Segment Start: EXTRACTED RECORDS

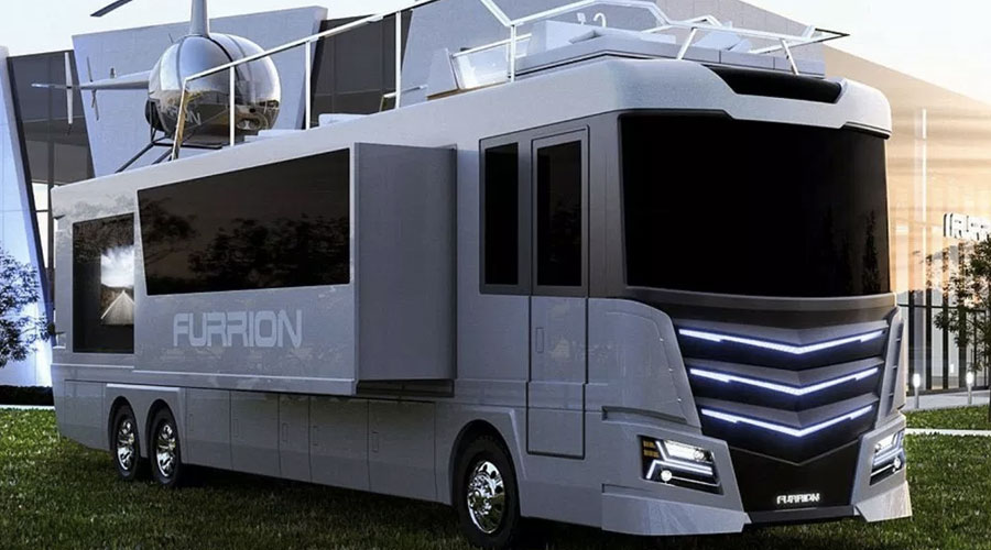 Furrior Elysium: esta es la autocaravana de ensueños de muchas personas ya que cuenta con comodidades únicas como una habitación para dos personas accesional, un baño de lujo, pantallas planas,  una cocina esplendida pero lo mejor de todo es que la parte superior de la autocaravana fusiona como terraza con una gran salón, jacuzzi y lo más impresionante de todo con su propio helicóptero personal.
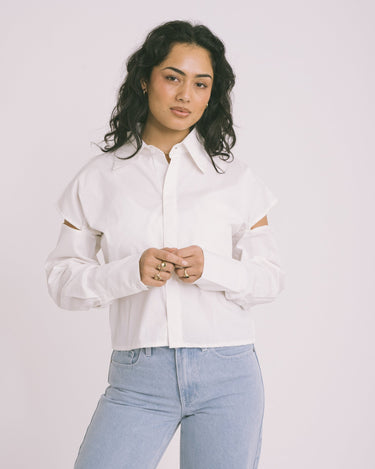 DetailsCut out bij de mouwen, Knoopsluiting, Semi cropped
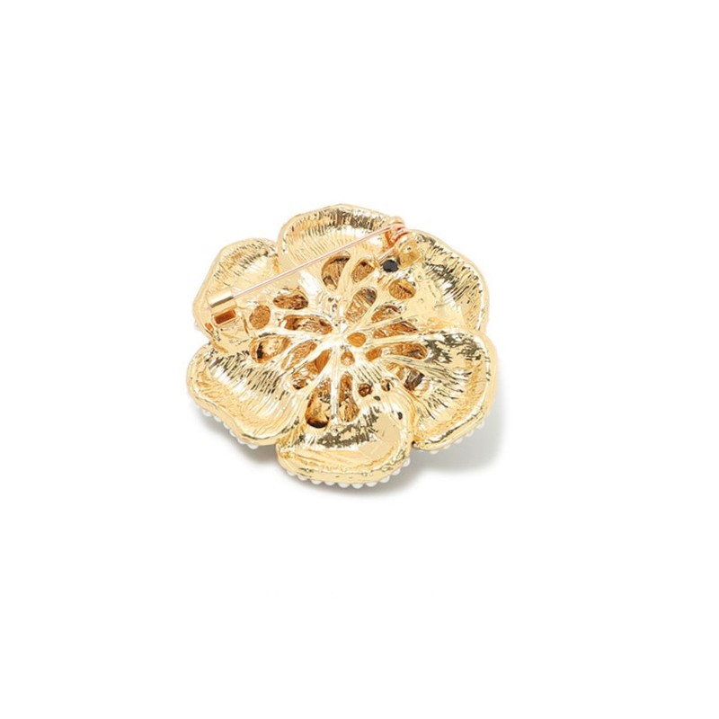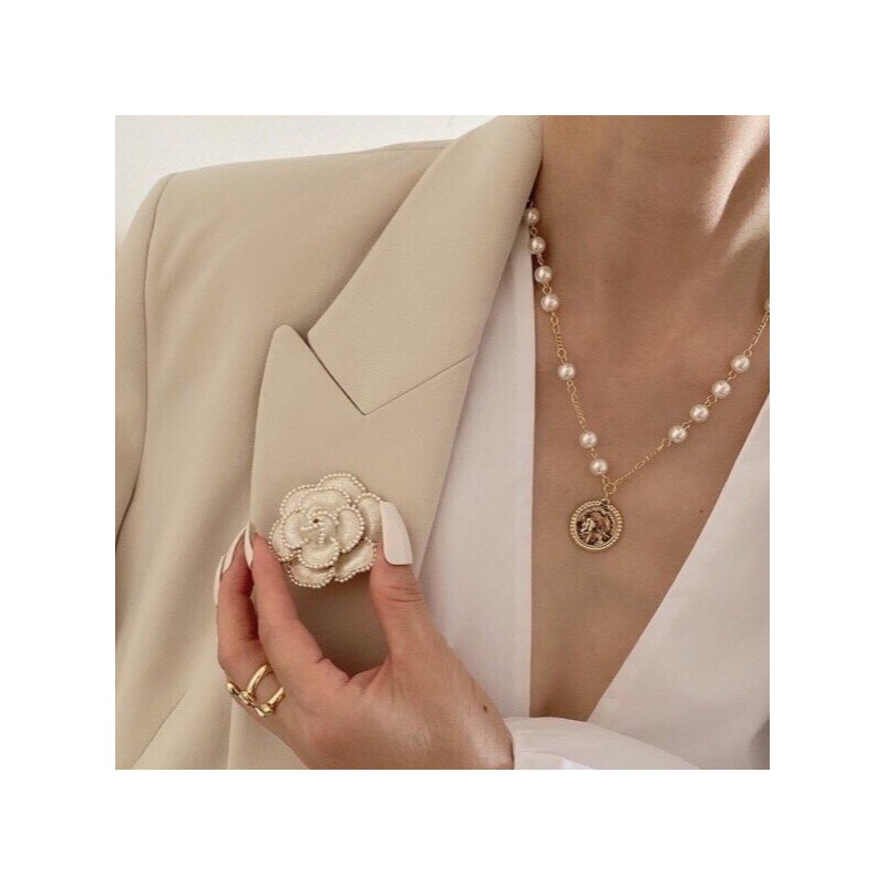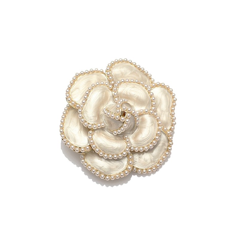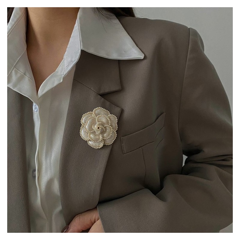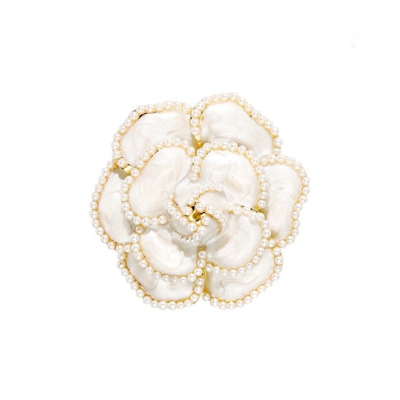 Broszka ozdobna kremowy kwiat KAMELIA z perełkami BZ144
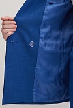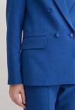 Двубортный жакет из поливискозной ткани в насыщенно синем цвете, слегка удлиненный, умеренный объем за счет легкого приталивания, английский воротник, прорезные карманы с клапаном, прямой борт, застежка на пуговицы, длинный втачной рукав, удобная комфортная посадка за счет общего подкройного бочка у спинки и полки, тонкие подплечники, модель на подкладке. Поливискозная ткань - это смесовая ткань, в состав которой входят волокна вискозы и полиэстера. Ткань практически не подвержена истиранию.
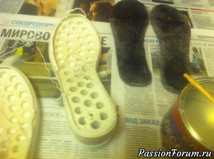 Следующий этап, кожаные стельки, точно так мажем,ждем,греем и клеем.
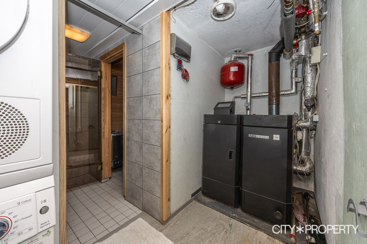 Kodu on varustatud erinevate küttelahendustega – olemas on nii lokaalne pelletikatel kui ka kaks kaminat ning energiatõhus õhksoojuspump koos jahutusfunktsiooniga. Köögis ja vannitoas on kaasaegne sisustus ning kogu korteri siseviimistlus on valdavalt heas seisukorras. Keraamilised plaadid ja naturaalparkett loovad kodus kvaliteetse ja ajatu interjööri.
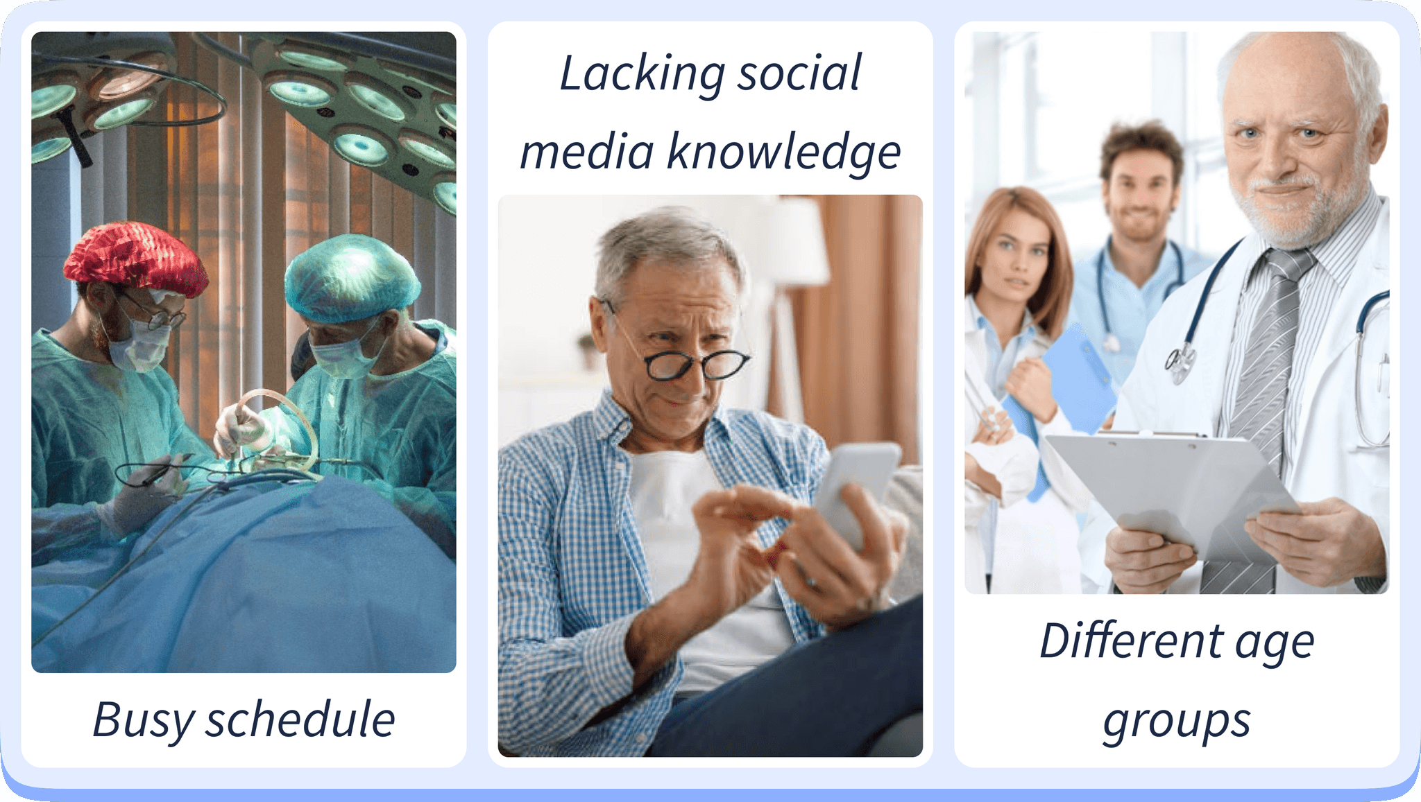 Busy schedules limit most doctors' engagement with social networking apps, causing them to miss out on valuable updates, resources, and peer connections. This hinders their professional growth and networking.

Segment End: EXTRACTED RECORDS

## EXERCISE DESCRIPTION
Beginning at the line that contains "Broszka ozdobna kremowy", give the remaining lines of the records again exactly, through the last one. Leave out pictures.

## RESPONSE TO THE EXERCISE
 Broszka ozdobna kremowy kwiat KAMELIA z perełkami BZ144
 Двубортный жакет из поливискозной ткани в насыщенно синем цвете, слегка удлиненный, умеренный объем за счет легкого приталивания, английский воротник, прорезные карманы с клапаном, прямой борт, застежка на пуговицы, длинный втачной рукав, удобная комфортная посадка за счет общего подкройного бочка у спинки и полки, тонкие подплечники, модель на подкладке. Поливискозная ткань - это смесовая ткань, в состав которой входят волокна вискозы и полиэстера. Ткань практически не подвержена истиранию.
 Следующий этап, кожаные стельки, точно так мажем,ждем,греем и клеем.
 Kodu on varustatud erinevate küttelahendustega – olemas on nii lokaalne pelletikatel kui ka kaks kaminat ning energiatõhus õhksoojuspump koos jahutusfunktsiooniga. Köögis ja vannitoas on kaasaegne sisustus ning kogu korteri siseviimistlus on valdavalt heas seisukorras. Keraamilised plaadid ja naturaalparkett loovad kodus kvaliteetse ja ajatu interjööri.
 Busy schedules limit most doctors' engagement with social networking apps, causing them to miss out on valuable updates, resources, and peer connections. This hinders their professional growth and networking.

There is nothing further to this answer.